Also, Obama committed funds for research now to build a heavy-lift rocket starting in 2015 — or earlier — to launch astronauts and payloads to missions beyond the Moon.

“By 2025 we expect new spacecraft designed for long journeys to allow us to begin the first ever crew missions beyond the Moon into deep space,” Obama said. “So, we’ll start by sending astronauts to an asteroid for the first time in history. By the mid-2030s, I believe we can send humans to orbit Mars and return them safely to earth, and a landing on Mars will follow.”

Obama at KSC. Image credit: Alan Walters (awaltersphoto.com) for Universe Today.


Obama said his program of partnering with commercial space companies allows for more missions launched from Kennedy Space Center, an acceleration of advanced technologies that will allow for better space transportation systems and a shortening of the dependence on Russian rockets.

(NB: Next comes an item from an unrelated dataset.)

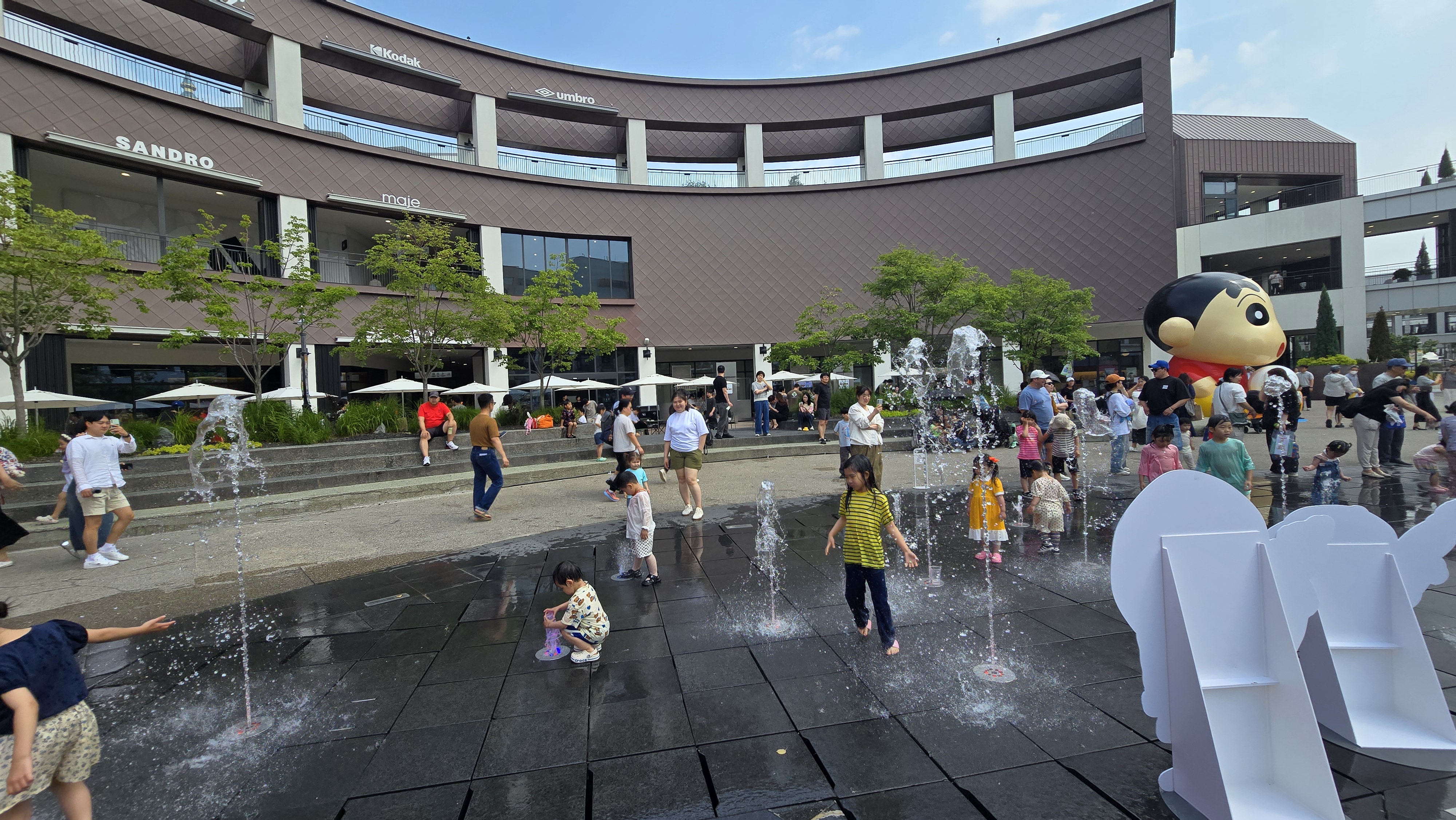 김포 현대 프리미엄 아울렛 WEST 수변광장에 마련된 짱구 테마 바닥분수 포토존

The president made no mention of any extension to the space shuttle program, which was one rumor that floated around before his speech.

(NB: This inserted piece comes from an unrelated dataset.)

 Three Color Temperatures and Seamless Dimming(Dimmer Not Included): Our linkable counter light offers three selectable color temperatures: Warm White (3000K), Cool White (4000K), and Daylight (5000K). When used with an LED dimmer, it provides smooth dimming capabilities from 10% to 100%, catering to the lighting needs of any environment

Norm Augustine, before the president's speech. Credit: Alan Walters (awaltersphoto.com) for Universe Today

Speaking after the President, Norm Augustine – who headed the Augustine Commission review of NASA’s future, said that the new program is very close to one of the options his panel offered (option 5-B) and this path would be “worthy of a great nation, and be able to transform NASA from transportation to exploration.” Augustine also pointed out that we seem more eager to accept current Russian technology than to encourage future of our own private industry.

Buzz Aldrin flew with President Obama to Kennedy Space Center in Air Force One. Image credit: Alan Walters (awaltersphoto.com) for Universe Today


The White House Chief Science Advisor John Holdren said Obama’s plan is a “faster pace to space, with more missions sooner and more affordably.” He said it’s a more visionary approach as it expands commercial capability and allows NASA to devote its resources to exploring deep space.

Obama discussed his space plan at the Operations and Checkout Building at the Kennedy Space Center, the same building used to build the Orion spacecraft. This is the first time in 12 years a sitting U.S. president has visited KSC.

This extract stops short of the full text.